И госпожа Рурико посмотрела на Синъитиро взглядом, исключавшим всякие уступки и компромиссы.
– Вот с этим я никогда не согласился бы.
– Просто у нас с вами разные точки зрения. Но я вправе жить собственным умом! – сказала Рурико, явно стремясь поскорее закончить этот затянувшийся спор.
– Возможно, вы правы. Но в таком случае и я могу отстаивать свои взгляды и, разумеется, приложу все силы, чтобы спасти брата Аоки Дзюна от грозящей ему опасности. Это я считаю своим священным долгом перед памятью Аоки Дзюна.

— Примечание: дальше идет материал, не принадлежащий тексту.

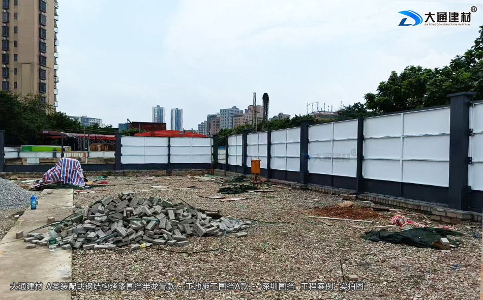 深圳大通建材A類裝配式鋼結構烤漆圍擋,主要由型鋼、方管、鋼板等鋼材構建框架,搭配鋼板等面板組成,即采用裝配式設計的特點,方便根據場地實際需求進行靈活組裝與拆卸,能多次重復使用,有效降低了工程成本,符合可持續發展的理念。
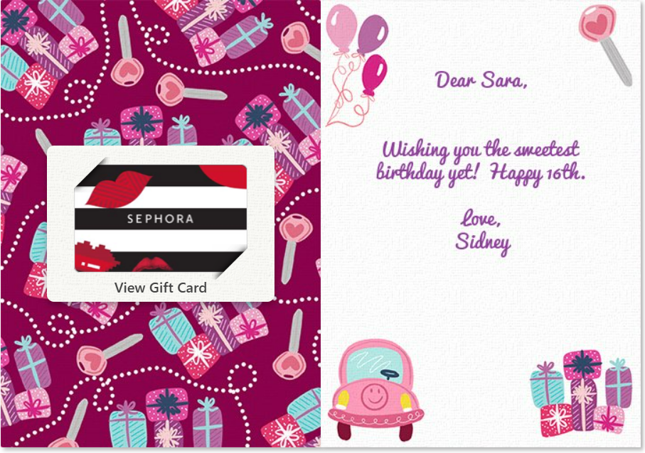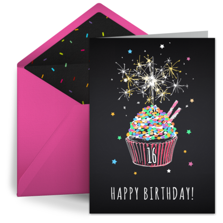 Punchbowl offers free Sweet Sixteen birthday cards that lets you send personalized Sweet Sixteen birthday wishes. Customize colors, fonts, the postage stamp, envelope liner, and rubber stamp then add your own very special Sweet Sixteen greetings in a written message or video message. You can even include a digital gift card to your birthday card. When your card is ready to send, deliver it instantly by text or email.

– Как вам будет угодно! – холодно произнесла госпожа Рурико. – Боюсь только, что младший Аоки-сан воспримет вашу заботу о нем как зло. Но вас не переубедишь, поэтому я с наслаждением буду следить за тем, как развертываются события. Посмотрим, охладят ли его пыл ваши предостережения. – Госпожа Рурико надменно рассмеялась.
Первая любовь
Если госпожу Рурико можно было сравнить с подсолнухом, гордо поднявшим голову под лучами яркого солнца, то совсем юная, скромная Минако, которую вряд ли заметил читатель, походила на маленький комнатный цветок, довольствующийся небольшим клочком земли в цветочном горшке. Минако потеряла отца, когда ей было шестнадцать лет. Теперь ей исполнилось восемнадцать. От круглого личика с прозрачной кожей веяло чистотой и наивностью. Легкомысленная с мужчинами госпожа Рурико по-матерински любила Минако и относилась к ней нежно, как к сестре. В свою очередь, Минако глубоко уважала свою молодую мачеху. Кацухико после ночного происшествия на даче в Хаяме по настоянию полиции был посажен там под замок в одну из комнат. Минако оказалась совсем одинокой и всем своим тоскующим сердцем потянулась к заменившей ей мать Рурико. Забыв о печальных событиях, они привязались друг к другу, как сестры. После смерти мужа Рурико осталась в его доме лишь из любви к Минако, из желания оберегать эту милую девушку, а также сохранить имущество, которое она должна была унаследовать.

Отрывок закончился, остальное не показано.